Alerji belirtileri hem üst hem de alt tarafta görülebilir. solunum sistemi. Bu nedenle, gıda alerjilerinin belirtileri rinit, bronşit, tracheitis, sinüzit, adenoidit olarak gizlenebilir. İnatçı burun tıkanıklığı, burundan nefes almada zorluk gibi belirtiler tipiktir. alerjik rinit Bu, gıda alerjileri ile ortaya çıkar. Sıklıkla üst solunum yolu hastalıklarından muzdarip olan "sık hasta çocuklar" teşhisi konan çocukların% 70'inden fazlasında gıda alerjisi vardır.

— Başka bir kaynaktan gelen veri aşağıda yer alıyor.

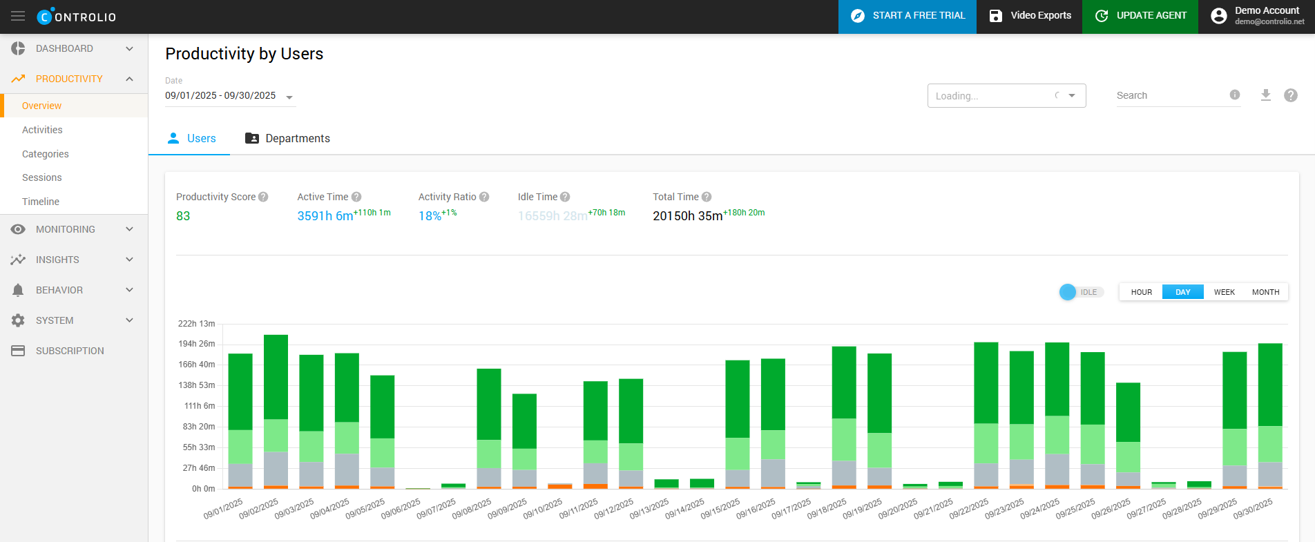 Controlio provides you with very comprehensive reports menu that help you take charge of your team’s efficiency. With this all rounded reports menu, you can pull reports about employee work activity, broken down into the various criteria potentially required by your business.

Doğru teşhis ve zamanında tedavi"sık hasta çocuklar" hastalığının sıklığını ve şiddetini önemli ölçüde azaltabilir.

Besin alerjisinin sistemik belirtileri

Besin alerjisinin en şiddetli sistemik bulgusu anafilaksidir. En yaygın neden yer fıstığı, fındık olur. Ayrıca anafilaksiye neden olabilir: balık, kabuklular, yumurta akı, inek sütü proteinleri.

Anafilaksi belirtileri genellikle ürünün küçük miktarlarını tükettikten saniyeler veya dakikalar sonra ortaya çıkar. Çocuklarda bu kendini şu şekilde gösterir: keskin bir şekilde artan solgunluk, çocuk uyaranlara cevap vermez, ses kısıklığı ve hırıltı ile kendini gösteren bronkospazm ve gırtlak ödemi gelişir, çocuk maviye döner. Muhtemel solunum durması, istemsiz idrara çıkma, konvülsiyonların ortaya çıkması, alçaltma tansiyon.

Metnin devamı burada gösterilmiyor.